**PROMPT**
Below are entries with pictures in them. Output exactly the lines starting at the line with "Vintage Meissen porseleinen" and ending at the line with "我在华东师大,升国旗奏国歌,祝福祖国!", both included, but not the pictures.
Top of RECORDS PROVIDED
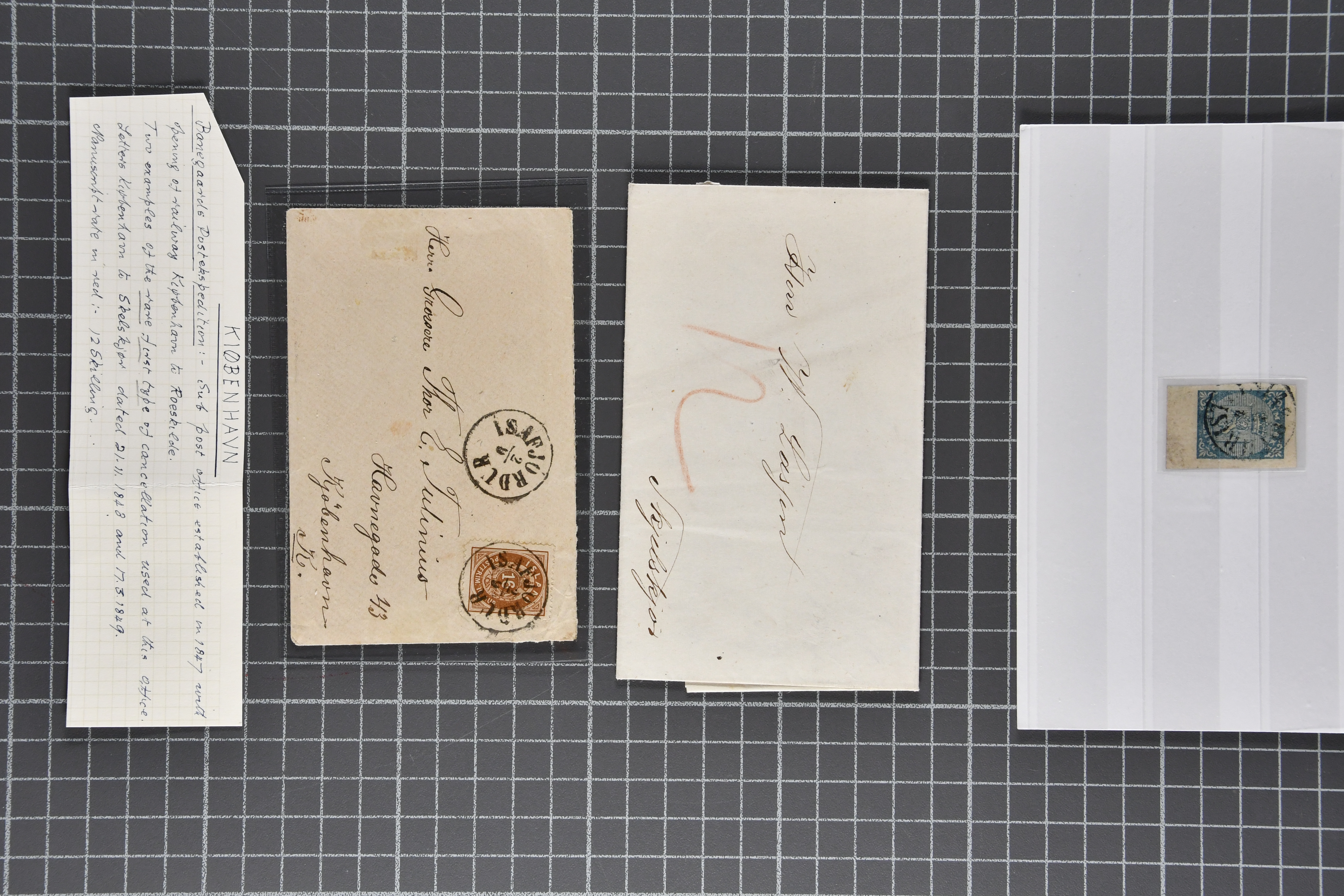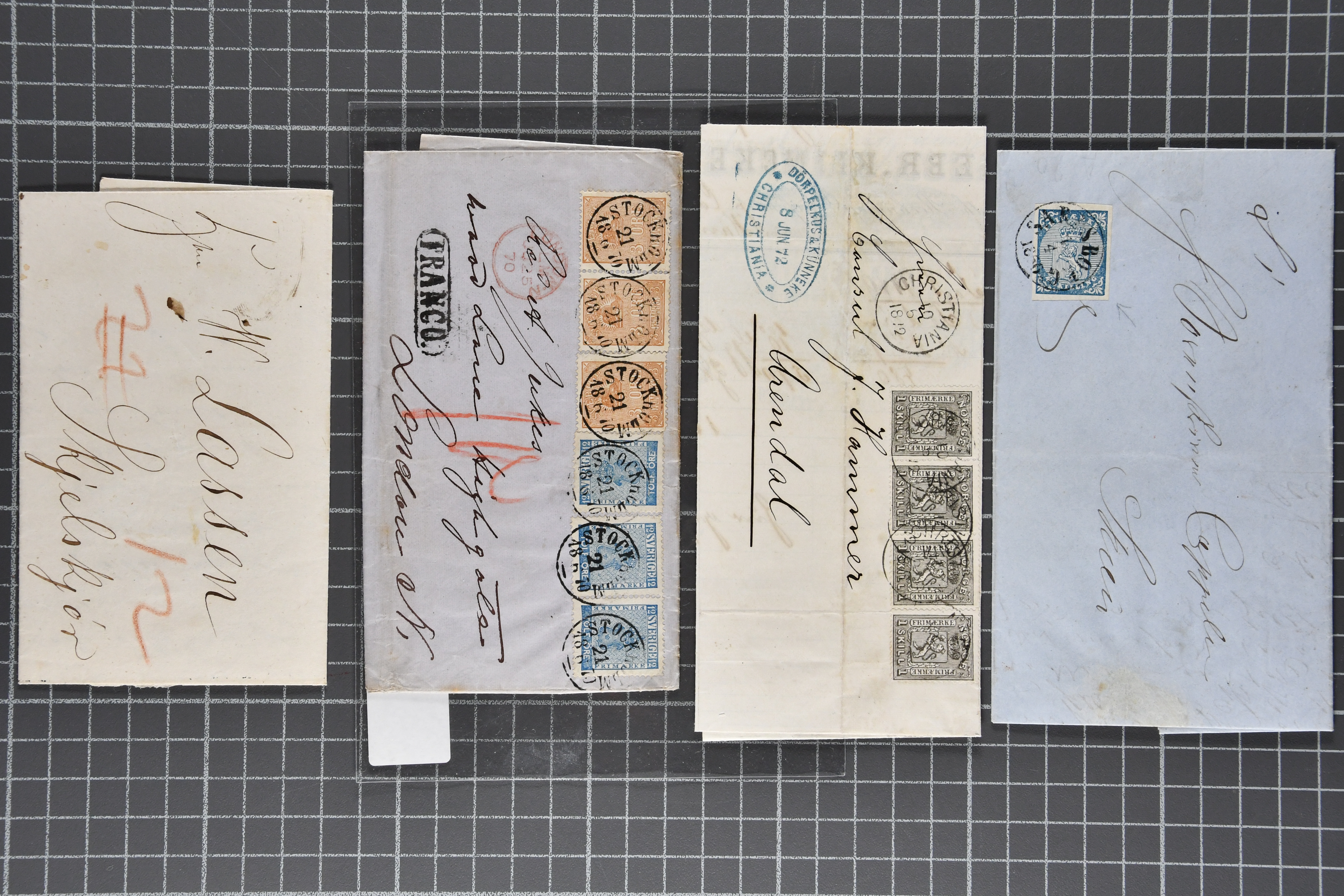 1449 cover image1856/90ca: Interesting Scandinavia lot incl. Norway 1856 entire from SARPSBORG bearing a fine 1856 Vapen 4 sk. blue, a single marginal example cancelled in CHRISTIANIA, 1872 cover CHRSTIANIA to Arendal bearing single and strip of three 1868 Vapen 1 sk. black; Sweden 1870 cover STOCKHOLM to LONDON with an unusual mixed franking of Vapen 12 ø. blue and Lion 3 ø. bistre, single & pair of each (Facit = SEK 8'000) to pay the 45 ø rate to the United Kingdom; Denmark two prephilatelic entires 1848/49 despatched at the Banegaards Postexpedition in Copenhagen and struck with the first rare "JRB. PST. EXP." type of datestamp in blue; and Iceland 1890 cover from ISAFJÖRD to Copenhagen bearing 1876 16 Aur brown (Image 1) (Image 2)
Bottom of RECORDS PROVIDED
Top of RECORDS PROVIDED
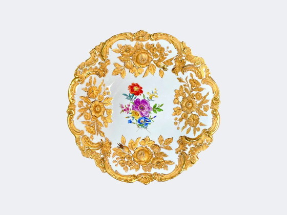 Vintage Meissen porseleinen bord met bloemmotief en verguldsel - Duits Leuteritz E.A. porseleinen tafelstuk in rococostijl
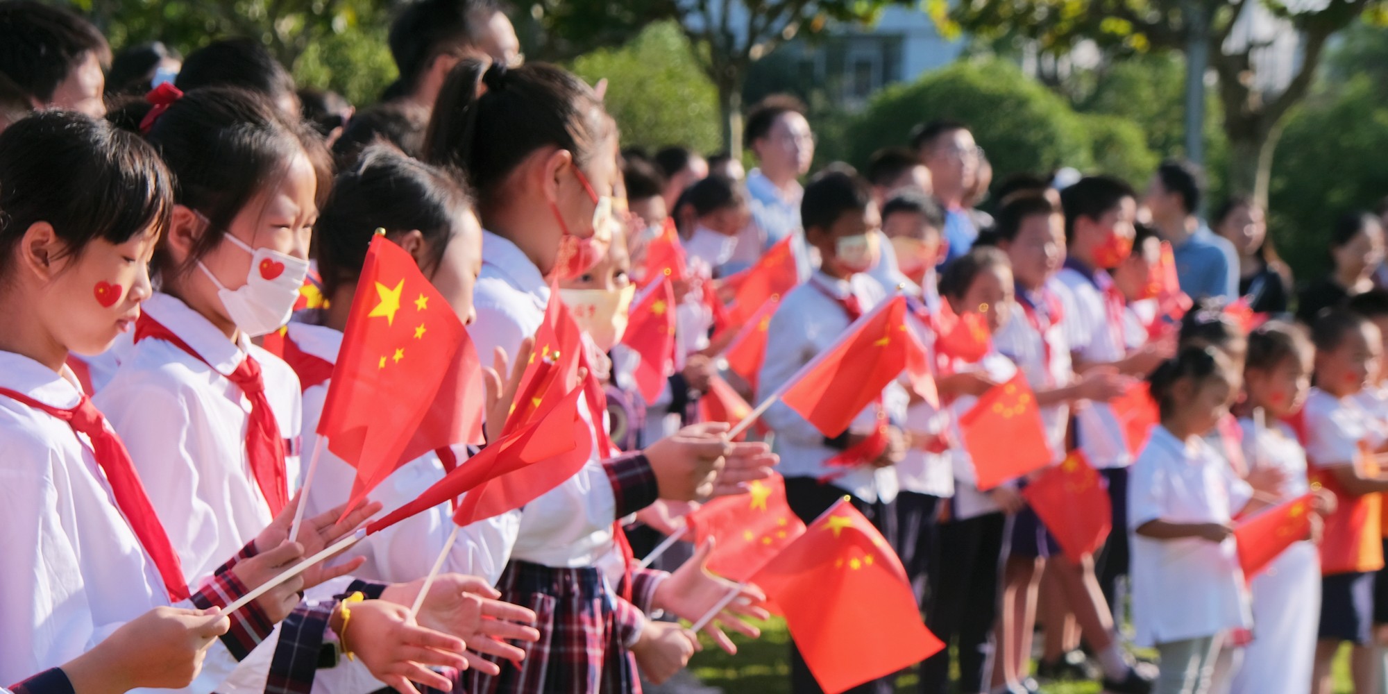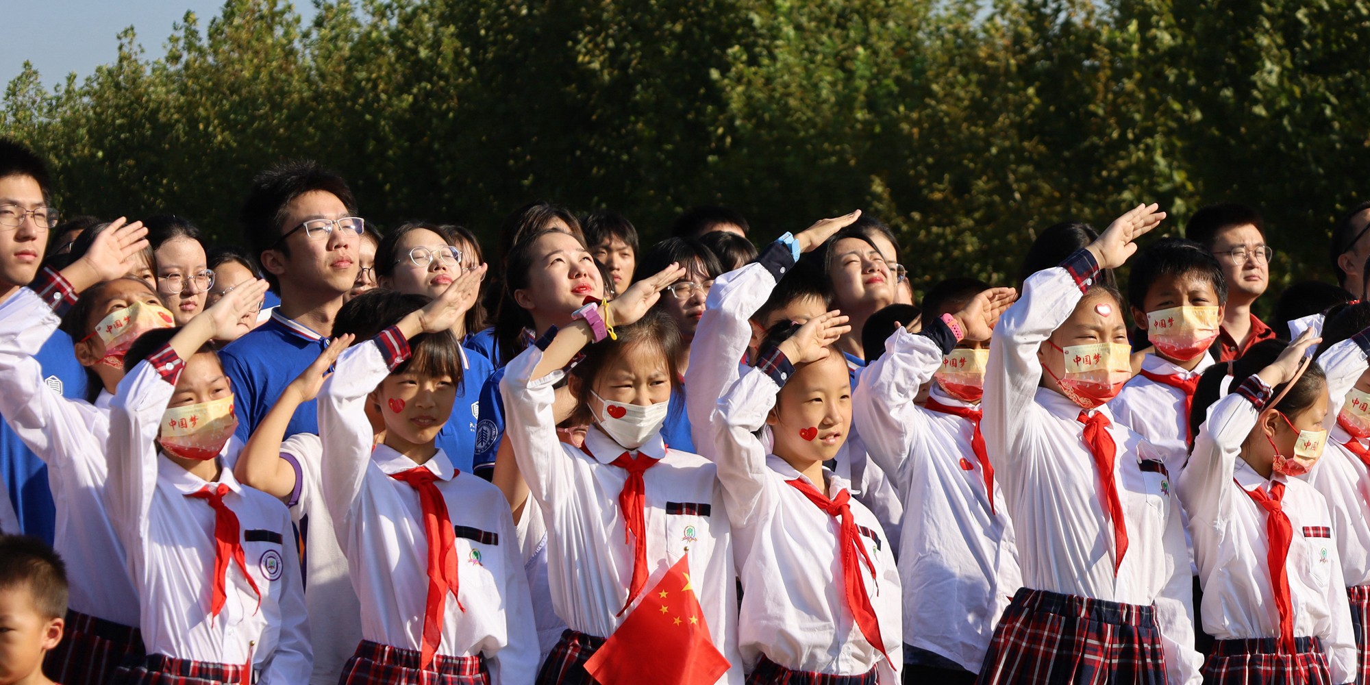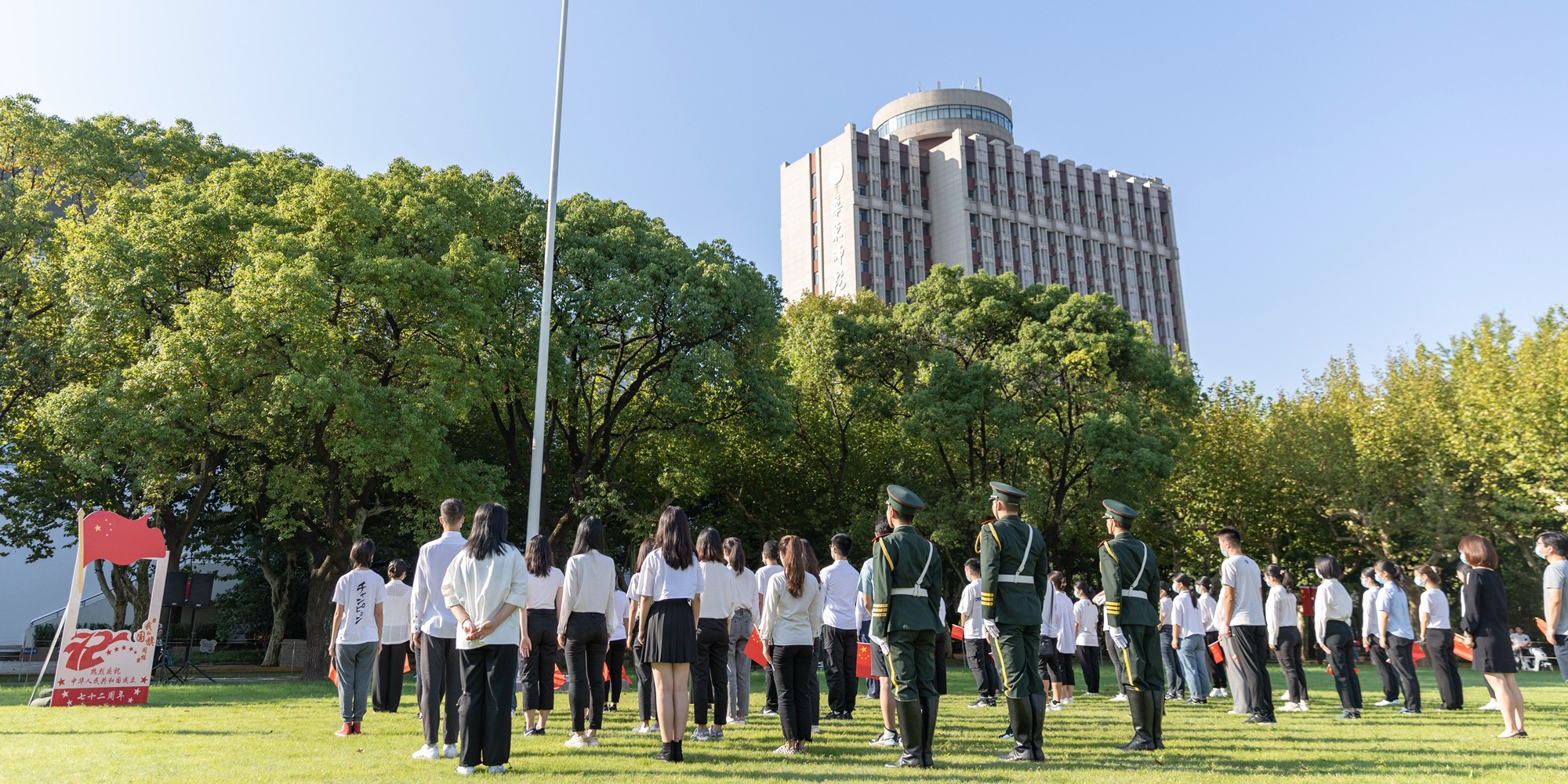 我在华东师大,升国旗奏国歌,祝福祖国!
Bottom of RECORDS PROVIDED
**RESULT FOR THIS EXERCISE**
 Vintage Meissen porseleinen bord met bloemmotief en verguldsel - Duits Leuteritz E.A. porseleinen tafelstuk in rococostijl
 我在华东师大,升国旗奏国歌,祝福祖国!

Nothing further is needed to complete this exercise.